Supplied material |
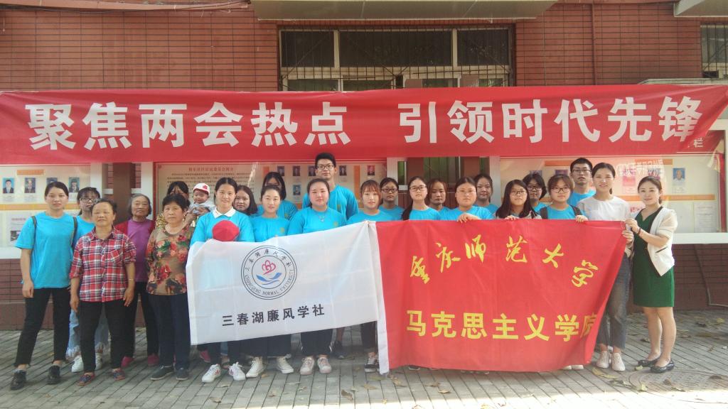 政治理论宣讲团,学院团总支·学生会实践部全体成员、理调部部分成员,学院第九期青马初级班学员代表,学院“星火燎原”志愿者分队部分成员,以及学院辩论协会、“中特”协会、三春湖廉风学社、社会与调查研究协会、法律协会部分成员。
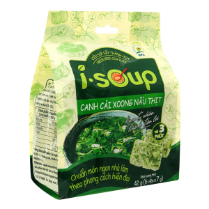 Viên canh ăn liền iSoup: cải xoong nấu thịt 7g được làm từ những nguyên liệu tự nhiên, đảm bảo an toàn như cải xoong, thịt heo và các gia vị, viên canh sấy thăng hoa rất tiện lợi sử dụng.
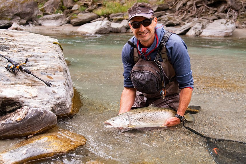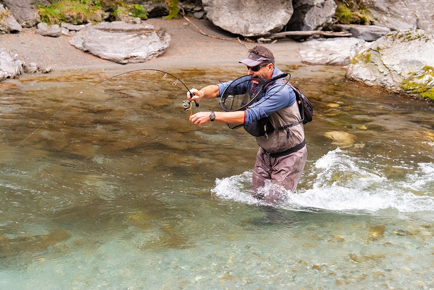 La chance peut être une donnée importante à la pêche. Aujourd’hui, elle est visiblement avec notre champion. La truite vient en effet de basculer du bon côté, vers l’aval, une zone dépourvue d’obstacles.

---

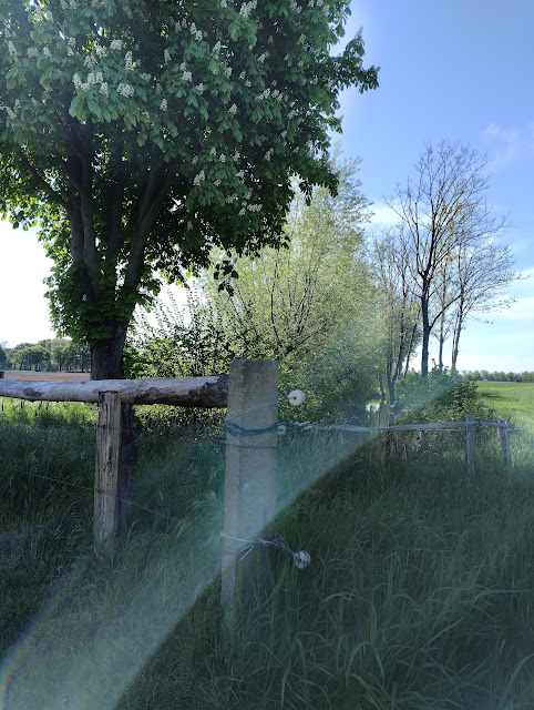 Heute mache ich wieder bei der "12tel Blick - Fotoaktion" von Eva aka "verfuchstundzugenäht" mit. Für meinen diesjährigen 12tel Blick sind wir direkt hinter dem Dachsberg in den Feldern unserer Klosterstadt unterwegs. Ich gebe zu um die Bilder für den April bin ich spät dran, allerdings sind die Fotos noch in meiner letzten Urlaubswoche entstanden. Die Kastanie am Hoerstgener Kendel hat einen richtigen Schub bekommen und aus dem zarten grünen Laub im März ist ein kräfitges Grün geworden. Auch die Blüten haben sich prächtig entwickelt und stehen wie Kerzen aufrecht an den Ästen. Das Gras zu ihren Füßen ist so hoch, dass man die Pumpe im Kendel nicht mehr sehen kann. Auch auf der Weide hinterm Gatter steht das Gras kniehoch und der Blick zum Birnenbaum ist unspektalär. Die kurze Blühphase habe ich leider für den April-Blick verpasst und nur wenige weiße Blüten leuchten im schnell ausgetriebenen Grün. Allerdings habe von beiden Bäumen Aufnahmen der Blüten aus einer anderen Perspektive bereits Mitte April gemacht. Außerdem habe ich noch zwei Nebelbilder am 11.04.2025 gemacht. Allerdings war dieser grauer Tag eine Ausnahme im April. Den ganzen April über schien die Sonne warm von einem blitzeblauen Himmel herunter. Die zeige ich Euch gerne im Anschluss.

Task objective |
Copy the listing above exactly, but only from the line with "政治理论宣讲团,学院团总支·" through the line with "La chance peut", including those two lines and excluding any picture.

Answer section |
 政治理论宣讲团,学院团总支·学生会实践部全体成员、理调部部分成员,学院第九期青马初级班学员代表,学院“星火燎原”志愿者分队部分成员,以及学院辩论协会、“中特”协会、三春湖廉风学社、社会与调查研究协会、法律协会部分成员。
 Viên canh ăn liền iSoup: cải xoong nấu thịt 7g được làm từ những nguyên liệu tự nhiên, đảm bảo an toàn như cải xoong, thịt heo và các gia vị, viên canh sấy thăng hoa rất tiện lợi sử dụng.
 La chance peut être une donnée importante à la pêche. Aujourd’hui, elle est visiblement avec notre champion. La truite vient en effet de basculer du bon côté, vers l’aval, une zone dépourvue d’obstacles.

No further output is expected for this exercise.